There is now limited support for connecting with another IRC clients. Such a solution will not be able to take full advantage of the features in ircbase, and is also currently rather flakey and ad hoc, but it's provided anyway for people that want it while they wait for the native clients to be usable enough. When you do this, ircbase will behave like an advanced autonomous detachable ircbouncer.

Set up your IRC client to connect to the ircbase like it was an IRC server. The nick you setup in the client will map to ircbase session ID, and ircbase will connect to the actual IRC server with the session parameters (including nick) from the configuration file. It will then do some tricks to convince the IRC client of the actual nick in use after connecting/attaching, to avoid confusing it.

(The nick is used to select session ID rather than anything else in order to make it easy to use with ircII, which can specify the nick on the command line or in the /server and /window server commands.)

If you need to issue a command for interpretation by the ircbase parser, you can prefix it with /QUOTE I, e.g. for accepting a DCC on the ircbase end, use /QUOTE I /dcc get nick
and for changing servers, /QUOTE I /server irc.server

Here are some key features of "ircbase":
The above structure has the advantages that you can run ircbase on a shell account (warning, advertisement: Arctic Net can provide these) idling permanently on the IRC server very much like a bot, and yet, the user can, whenever he comes online, and from wherever he is, connect to it and use it for IRC-ing like any other IRC client.

The ircbase keeps track of the most recent events, so when he does this, he will automatically receive its "scrollback buffer", so he can quickly catch up with what has happened just before he arrived. This is also an advantage if his modem is unstable and often drops the connection, since this way he won't miss anything, no matter how thoroughly the user machine itself crashes (provided he comes online again before the buffer is completely flushed, of course, but this buffer can be arbitrarily sized).
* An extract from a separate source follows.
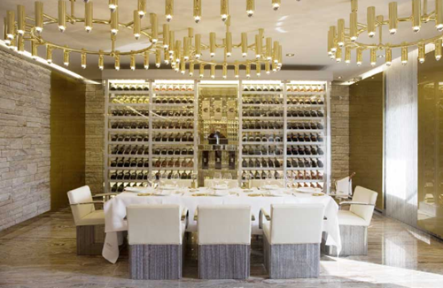 The above pictures of the Gold Restaurant are the "Bistro" located on the main level. This is where we dined in one of the circular banquettes. The food is international Italian — simple, seasonal dishes and the wine we had with dinner was superb. The décor, a kind of midcentury modern with a bling injection. Gold is used everywhere from the golden bamboo bathrooms down to the water-bottle labels.
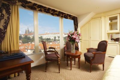 Сказочно роскошные номера с изысканной мебелью и потрясающей атмосферой созданы специально для отдыха и комфорта гостей. Из номеров отеля открывается сказочный вид на Пражский Град или Влтаву. Все номера оснащены ванной комнатой и туалетом. Есть номера для некурящих и алергиков.

Since ircbase allows scripts to run unattended at all times, it is meant to be able to replace any dedicated bots. Bots are a menace to the net, with their use of resources better spent on human clients, and the net would do so much better without them. With this system, even the most diehard childish moronic obnoxious bot-lover can do without them, simply because our design is superior, when completed.

A system for interconnecting ircbases into an op-net (to replace the traditional bot-net) is also planned.

What's New in This Release:
Finally gave a license to ircbase (irccli is still undecided, though).
Finally ircbase is now under the GNU General Public License, version 2.